*Directions for this task*
All of the data below should be printed again word for word, pictures excluded.

*Exercise data*
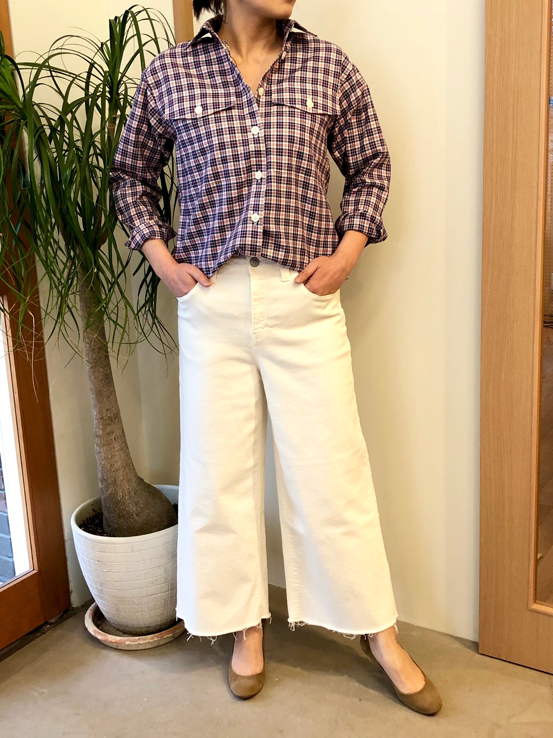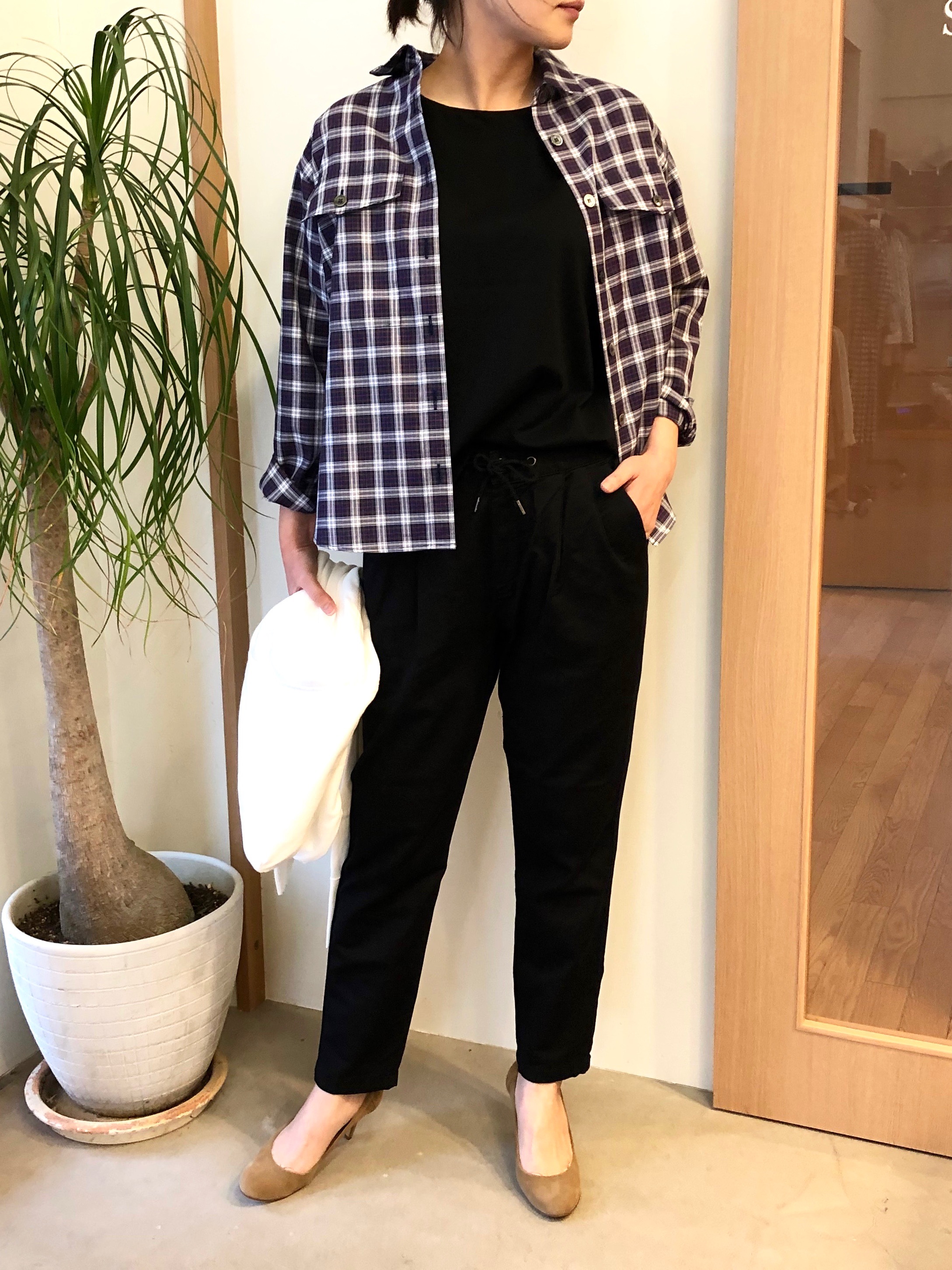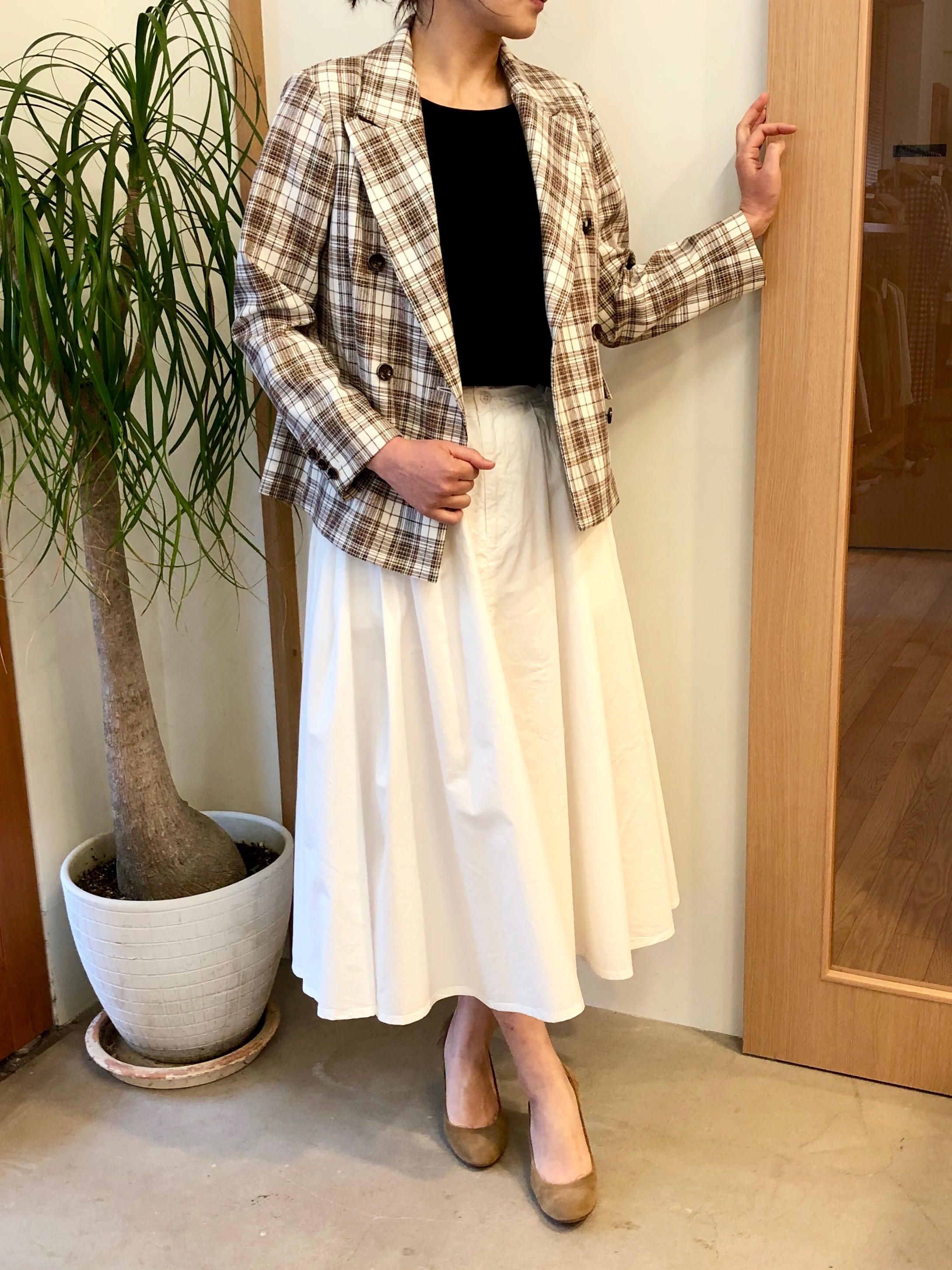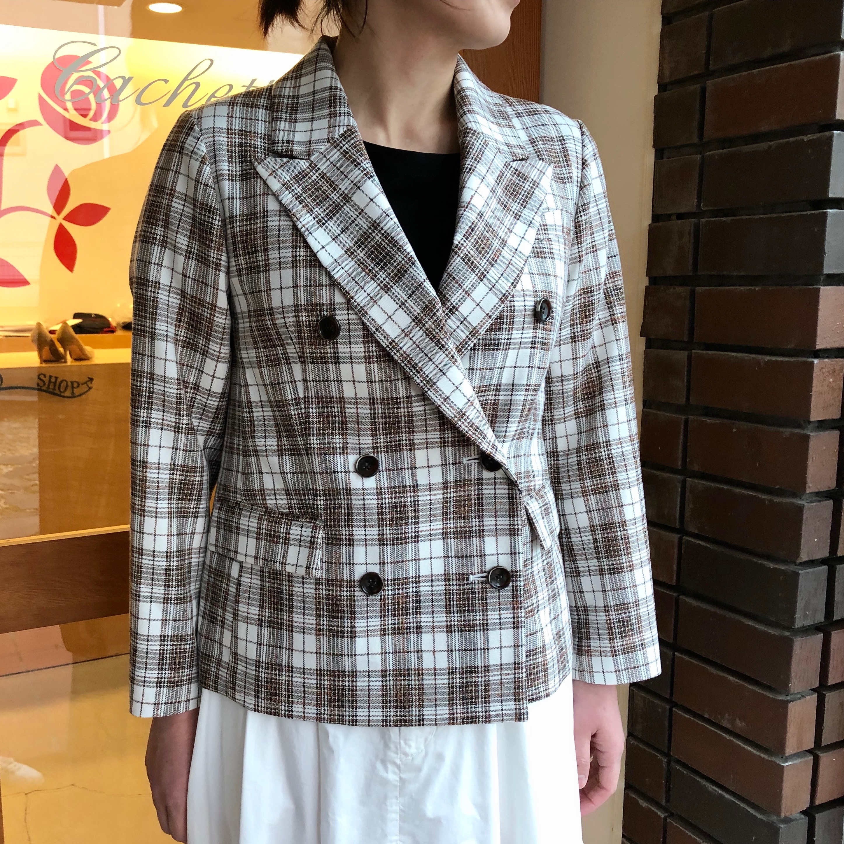 少し懐かしい雰囲気漂うチェックのショート丈ジャケット。ボリュームのあるボトムと合わせて今年っぽくコーディネートしました。
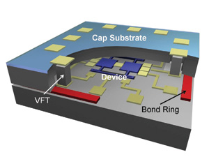 MEMS器件有時也采用晶圓級封裝,并用保護帽把MEMS密封起來,實現與外部環境的隔離或在下次封裝前對MEMS器件提供移動保護。這項技術常常用于慣性芯片的封裝,如陀螺儀和加速度計。
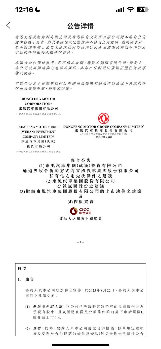 扬子晚报网8月23日讯(记者 范晓林 薄云峰)停牌十多天的东风集团股份迎来重大消息披露。8月22日晚间,东风集团股份发布公告称,子公司岚图汽车将以介绍上市方式登陆港股,东风集团股份将同步完成私有化退市。
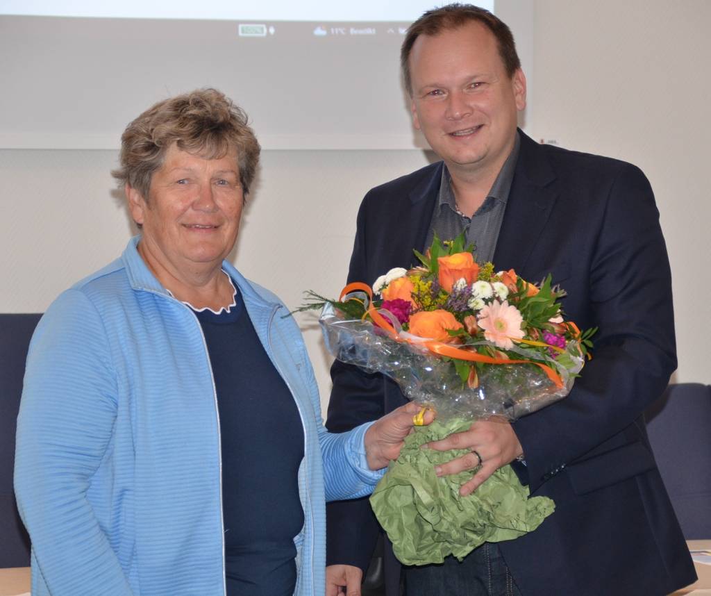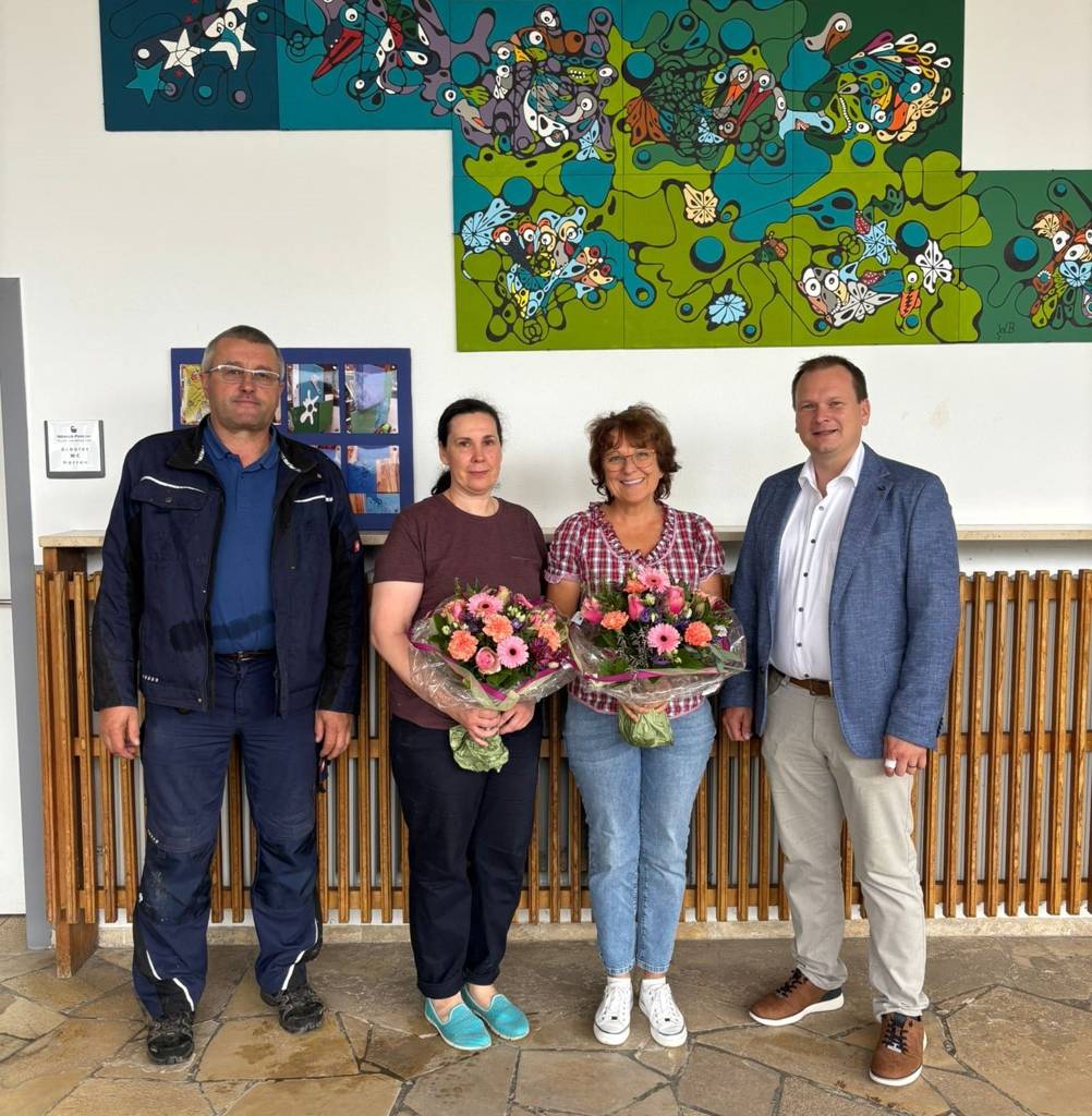 Gleichzeitig wurde Nelia Trojan als neue Reinigungskraft willkommen geheißen. Auch sie erhielt zur Begrüßung einen Blumenstrauß von Bürgermeister Christian Porsch.

*Problem solution*
 少し懐かしい雰囲気漂うチェックのショート丈ジャケット。ボリュームのあるボトムと合わせて今年っぽくコーディネートしました。
 MEMS器件有時也采用晶圓級封裝,并用保護帽把MEMS密封起來,實現與外部環境的隔離或在下次封裝前對MEMS器件提供移動保護。這項技術常常用于慣性芯片的封裝,如陀螺儀和加速度計。
 扬子晚报网8月23日讯(记者 范晓林 薄云峰)停牌十多天的东风集团股份迎来重大消息披露。8月22日晚间,东风集团股份发布公告称,子公司岚图汽车将以介绍上市方式登陆港股,东风集团股份将同步完成私有化退市。
 Gleichzeitig wurde Nelia Trojan als neue Reinigungskraft willkommen geheißen. Auch sie erhielt zur Begrüßung einen Blumenstrauß von Bürgermeister Christian Porsch.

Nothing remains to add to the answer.